U.S. Senator Rand Paul (R-KY) recently introduced a joint resolution of disapproval to block proposed U.S. arms sales to the Kingdom of Saudi Arabia. Dr. Paul was joined by U.S. Senators Bernie Sanders (D-VT) and Mike Lee (R-UT) in introducing the resolution.
The sale includes 280 air-to-air missiles and 596 missile launchers, among other weapons and associated training and support, with an estimated cost of $650 billion.
“A message needs to be sent to Saudi Arabia that we don’t approve of their war with Yemen,” said Dr. Paul. “By participating in this sale, we would not only be rewarding reprehensible behavior, but also exacerbating a humanitarian crisis in Yemen. I urge Congress and the Biden Administration to consider the possible consequences of this sale that could accelerate an arms race in the Middle East and jeopardize the security of our military technologies.”
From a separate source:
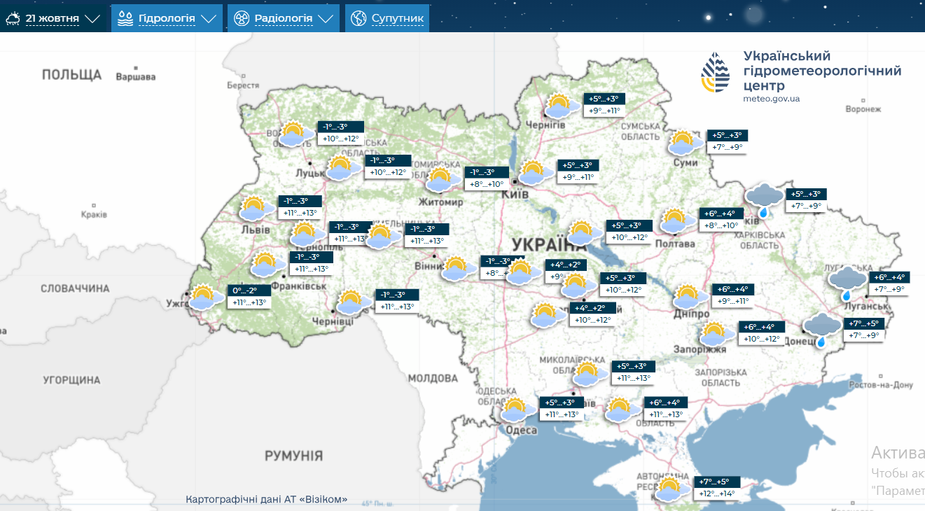 21 жовтня у західних областях буде найхолодніша ніч у жовтні, а у більшості областей температурний мінімум цього місяця синоптик обіцяє 22 та 23 жовтня.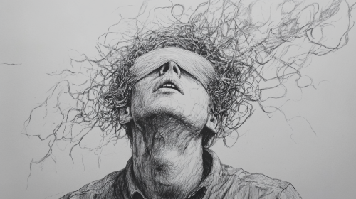 A rough, chaotic pencil sketch with unsettling, mysterious, spiritual, chaotic pencil lines, depicting a figure with a blindfold over their eyes. Above their head, abstract, swirling, and jagged lines form a chaotic mass of eerie, phantasmal shapes, suggesting unsettling thoughts or visions. The entire scene is abstract and disordered, with the figure barely defined by rough, overlapping lines, creating a sense of confusion and mystery. The overall image is intentionally messy and sketch-like, capturing the chaotic, surreal nature of the scene with an intense, unsettling atmosphere. --c 8 --ar 16:9 --v 6.1

“As the Saudi government continues to wage its devastating war in Yemen and repress its own people, we should not be rewarding them with more arms sales,” said Sen. Sanders.
Today, Paul penned an Op-Ed in the American Conservative on this topic writing: Saudi Arabia’s air and naval blockade of Yemen is an abomination. For years now, ships that would otherwise carry food, fuel, and medicine are turned away by the Saudi-led coalition, depriving the Yemeni people of the necessities to sustain civilization. Saudi Arabia’s intervention in the Yemeni civil war is a chilling example of the cruelty of warfare by starvation. According to the United Nations, five million people are one step away from succumbing to famine and disease, and ten million more are right behind them. But, this week, the Senate can start the process of ending this crisis by passing my legislation to cancel an American arms sale to Saudi Arabia that aids and abets the subjugation of the Yemeni people.
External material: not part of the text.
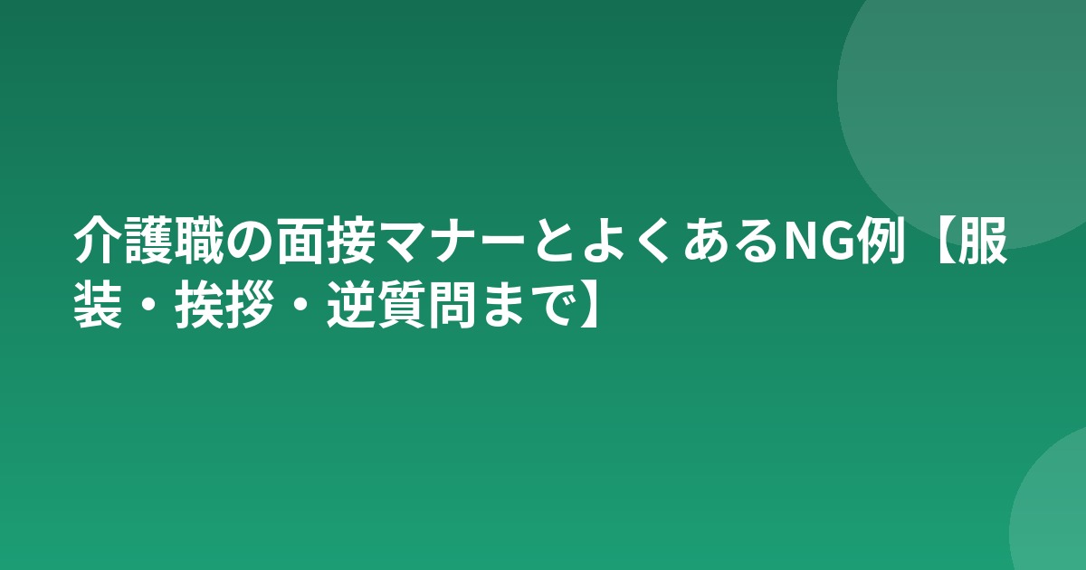 「面接で何を聞かれるか」以上に大切なのが、面接当日のマナーです。清潔感・礼儀・態度は介護職の適性判断にも直結します。この記事では押さえるべき基本マナーとNGポイントをまとめました。

I am leading a bipartisan effort to end America’s complicity in Saudi Arabia’s war on the Yemeni people. This week, I will force a vote on a bipartisan disapproval resolution that proposes to cancel the arms sale. To overcome an almost certain veto, this effort will require the support of two-thirds of both chambers of Congress. If Members of Congress believe in humanitarianism, if they believe America is a force for good that serves as a model for other nations to emulate, if they believe that the crushing of the Yemeni people must be stopped, then they must vote for the resolution of disapproval.
We have a chance to tell the Crown Prince that American arms sales will end until he gives up his starvation campaign. We can end the Saudi blockade and bring relief to the long-suffering Yemeni people. Should we fail to seize this opportunity, history will never let us forget that America, the last best hope for humanity, failed to protect defenseless civilians from the cruelty of a criminal regime.